Would you quote every entry exactly, dropping only the pictures?
══════════════════════════════
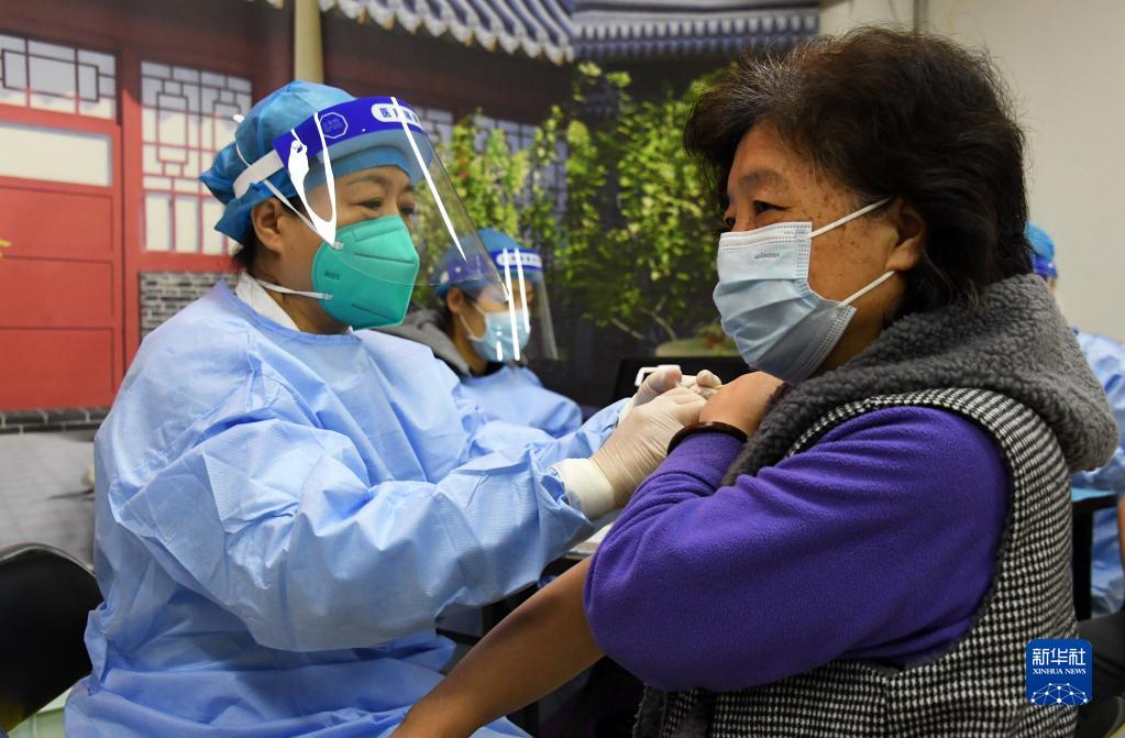 11月29日,在羊坊店街道铁西社区新冠疫苗临时接种点,医护人员(前左)为社区居民接种新冠疫苗加强针。
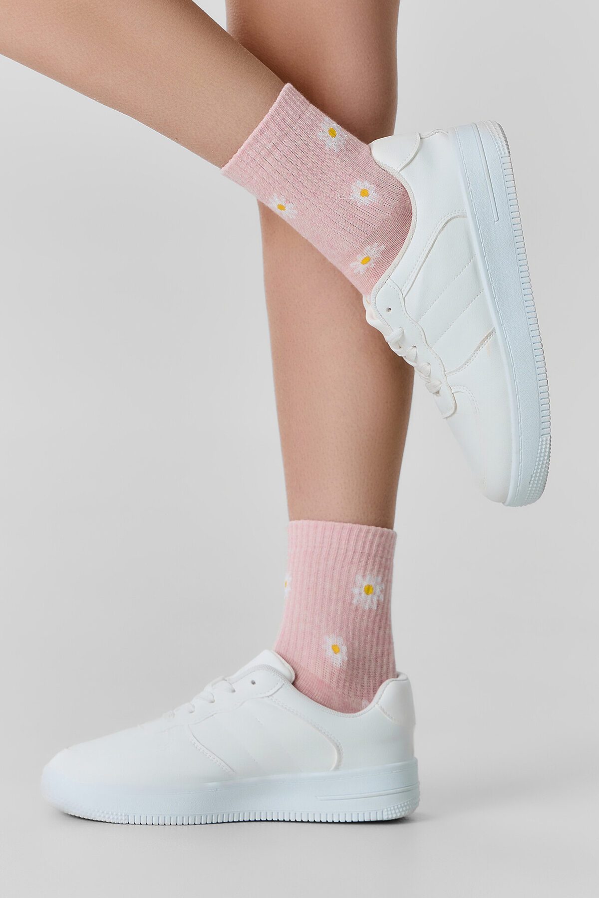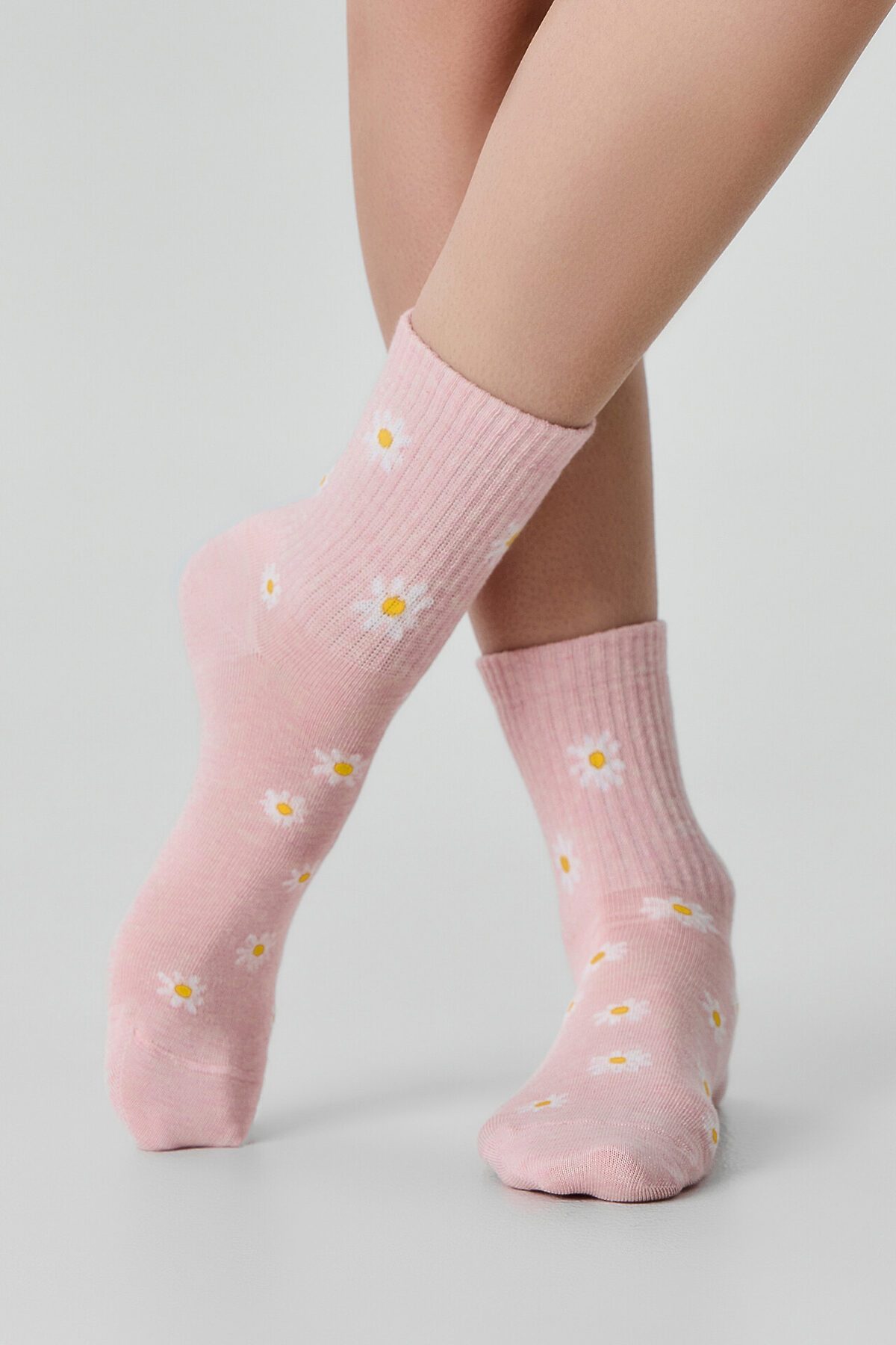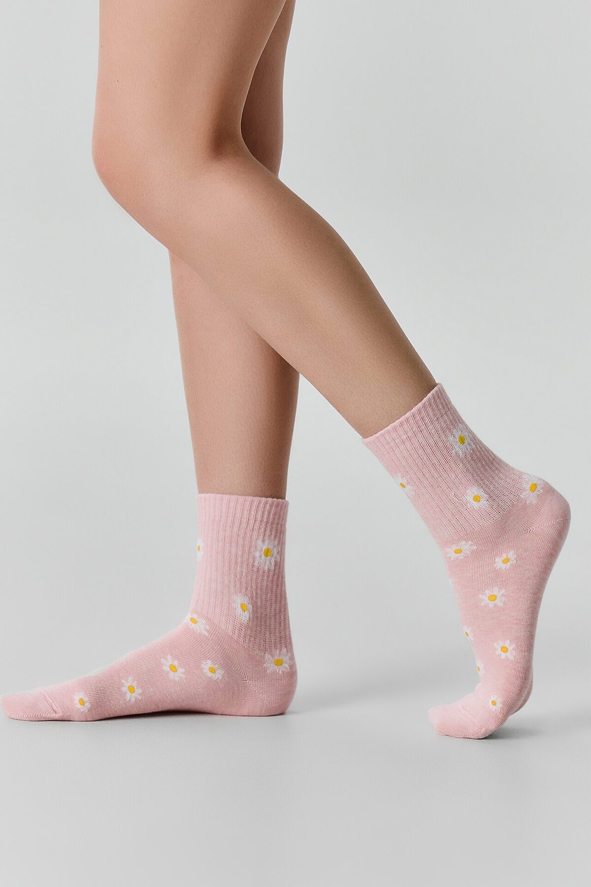 Высокие классические носки женские с плотным бортом и рисунком в виде ромашек. Выполнены из высококачественного гребенного хлопка - тонкого, прочного и эластичного. Натуральные волокна отлично пропускают воздух и впитывают влагу, обеспечивают ощущение комфорта в течение дня. Благодаря небольшому количеству эластана в составе, носочки хорошо облегают и сохраняют форму, практичны и долговечны. Пятка и мысок дополнительно усилены для защиты от протирания при активном движении. Резинка мягко, но надежно удерживает носки, не передавливая ногу и не оставляя на коже следов. Отличный вариант для круглогодичного использования. Мягкие и комфортные. Порадуйте себя и своих близких прекрасными носочками от Mark Formelle!
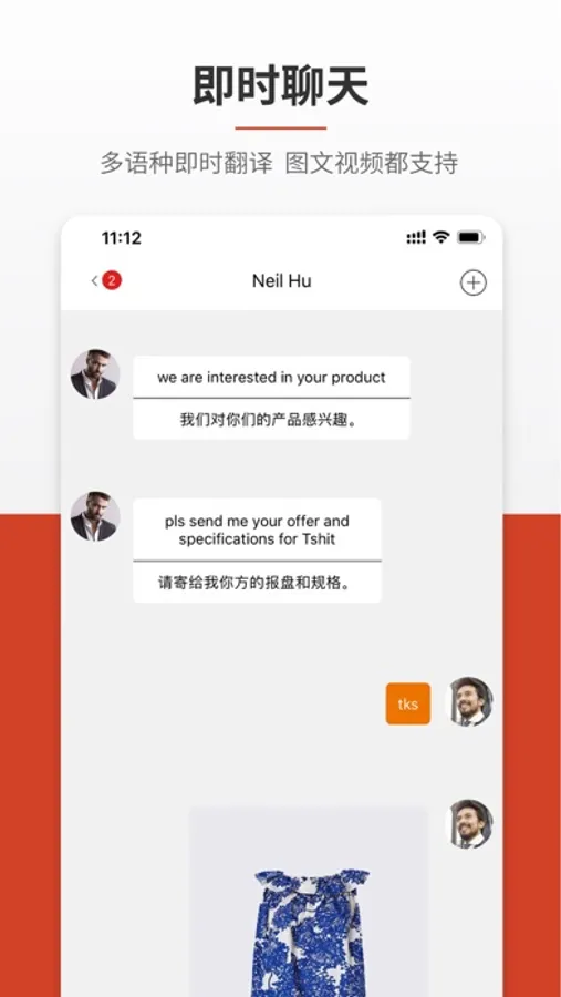 内嵌AI即时翻译,接受消息与发送消息时,支持15种语言的实时互译,让你更容易的开拓别人做不了的小语种市场。
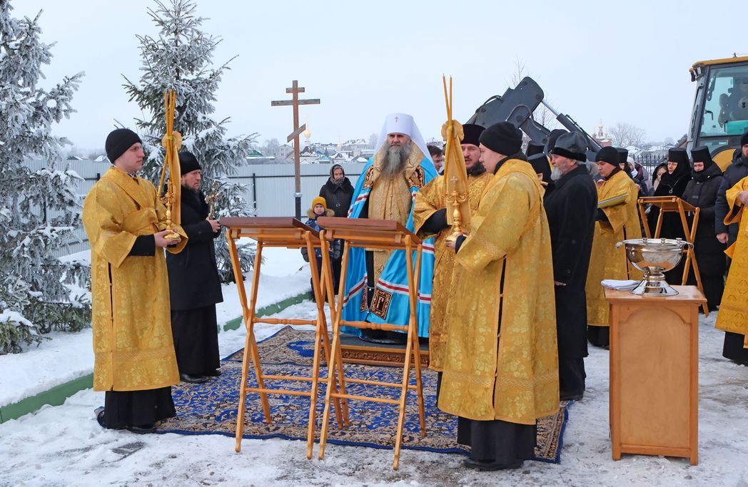 По окончании поздней Божественной литургии, которая совершалась в Троицком соборе архиерейским служением, митрополит Нижегородский и Арзамасский Георгий совершил молебен на начало доброго дела и окропил святой водой место будущего строительства.
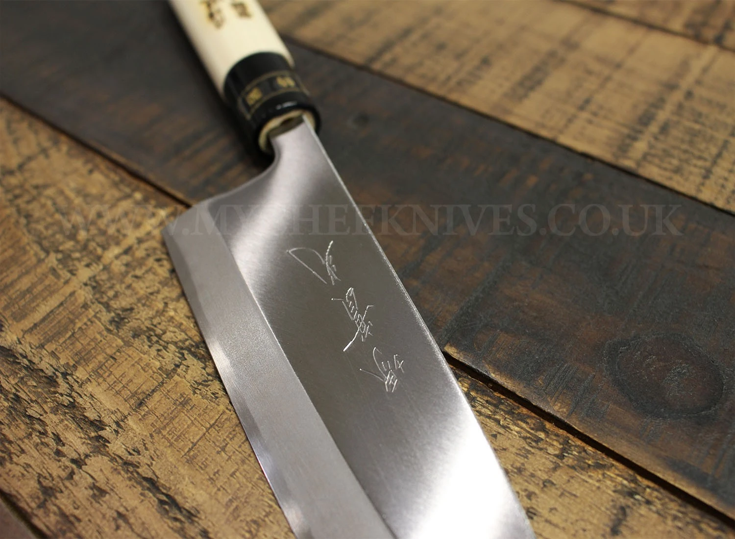 Moreover, to enhance the aesthetics of the knife, the blade’s surface has been engraved by the artisan to show the brand’s logo in Japanese. The engraving is directly made by hand using a punch and a small hammer, and because it is truly engraved in the steel and not just stamped, the logo will never fade away!
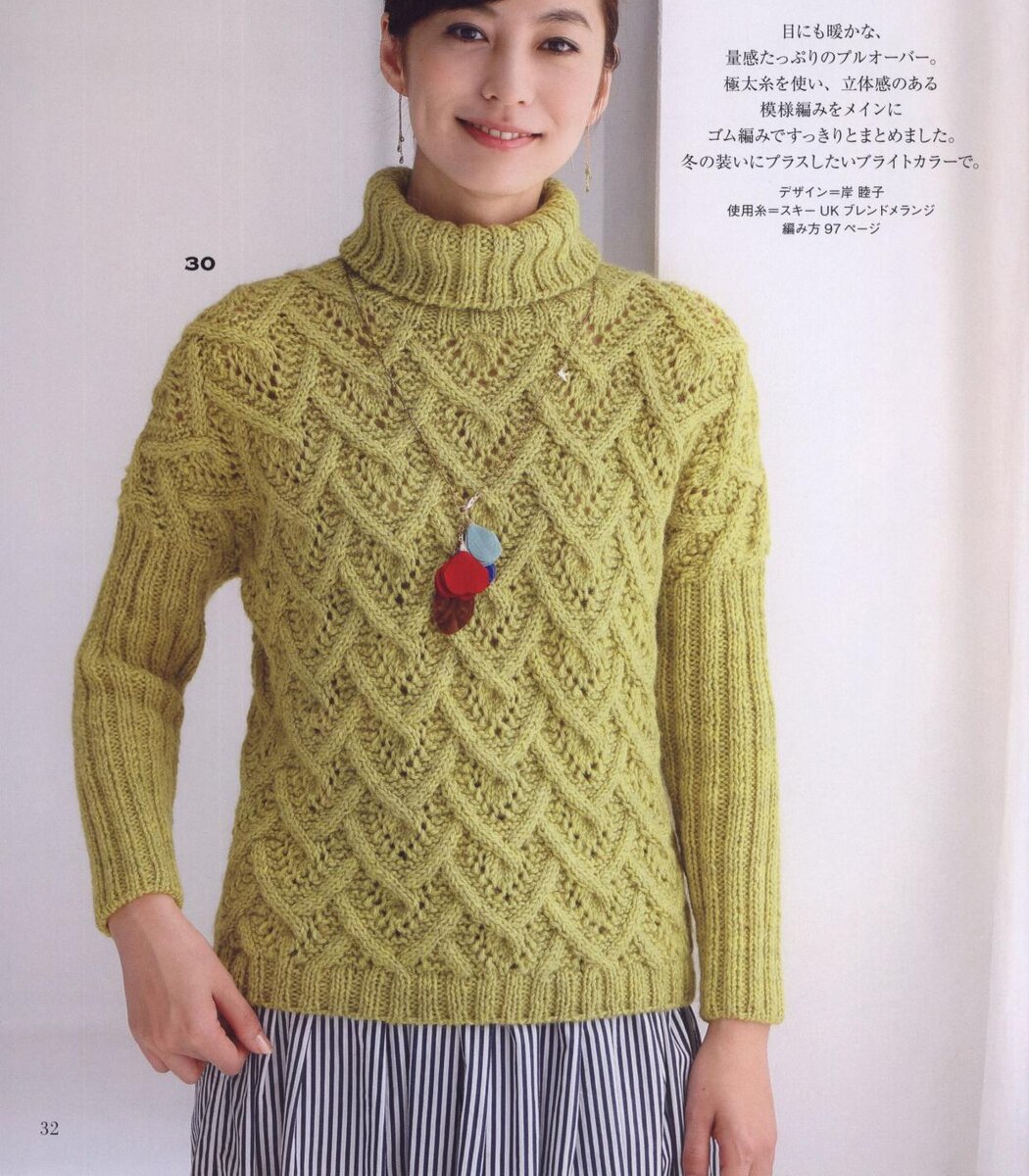 Тёплый, уютный свитер связанный спицами с красивым узором кос будет любимой вещью в гардеробе в холодное время года. В чём преимущество свитера – высокая горловина и свобода по фигуре, такая кофта не сковывает движений. Главная изюминка этого свитера – красивый узор, который включает в себя оригинальные косы и ажур, смотрится объёмно и в тоже время легко. Чтобы связать свитер по фигуре внимательно изучите выкройку и подгоните её по своим меркам. Обратите внимание, что при вязании свитера выполняется спущенное плечо и скос. Схема узора дана для вязания узора по прямой и для вывязывания отдельных участков – как делать прибавки для расширения к пройме и для скоса плеча.
══════════════════════════════
• _ANSWER AREA_
 11月29日,在羊坊店街道铁西社区新冠疫苗临时接种点,医护人员(前左)为社区居民接种新冠疫苗加强针。
 Высокие классические носки женские с плотным бортом и рисунком в виде ромашек. Выполнены из высококачественного гребенного хлопка - тонкого, прочного и эластичного. Натуральные волокна отлично пропускают воздух и впитывают влагу, обеспечивают ощущение комфорта в течение дня. Благодаря небольшому количеству эластана в составе, носочки хорошо облегают и сохраняют форму, практичны и долговечны. Пятка и мысок дополнительно усилены для защиты от протирания при активном движении. Резинка мягко, но надежно удерживает носки, не передавливая ногу и не оставляя на коже следов. Отличный вариант для круглогодичного использования. Мягкие и комфортные. Порадуйте себя и своих близких прекрасными носочками от Mark Formelle!
 内嵌AI即时翻译,接受消息与发送消息时,支持15种语言的实时互译,让你更容易的开拓别人做不了的小语种市场。
 По окончании поздней Божественной литургии, которая совершалась в Троицком соборе архиерейским служением, митрополит Нижегородский и Арзамасский Георгий совершил молебен на начало доброго дела и окропил святой водой место будущего строительства.
 Moreover, to enhance the aesthetics of the knife, the blade’s surface has been engraved by the artisan to show the brand’s logo in Japanese. The engraving is directly made by hand using a punch and a small hammer, and because it is truly engraved in the steel and not just stamped, the logo will never fade away!
 Тёплый, уютный свитер связанный спицами с красивым узором кос будет любимой вещью в гардеробе в холодное время года. В чём преимущество свитера – высокая горловина и свобода по фигуре, такая кофта не сковывает движений. Главная изюминка этого свитера – красивый узор, который включает в себя оригинальные косы и ажур, смотрится объёмно и в тоже время легко. Чтобы связать свитер по фигуре внимательно изучите выкройку и подгоните её по своим меркам. Обратите внимание, что при вязании свитера выполняется спущенное плечо и скос. Схема узора дана для вязания узора по прямой и для вывязывания отдельных участков – как делать прибавки для расширения к пройме и для скоса плеча.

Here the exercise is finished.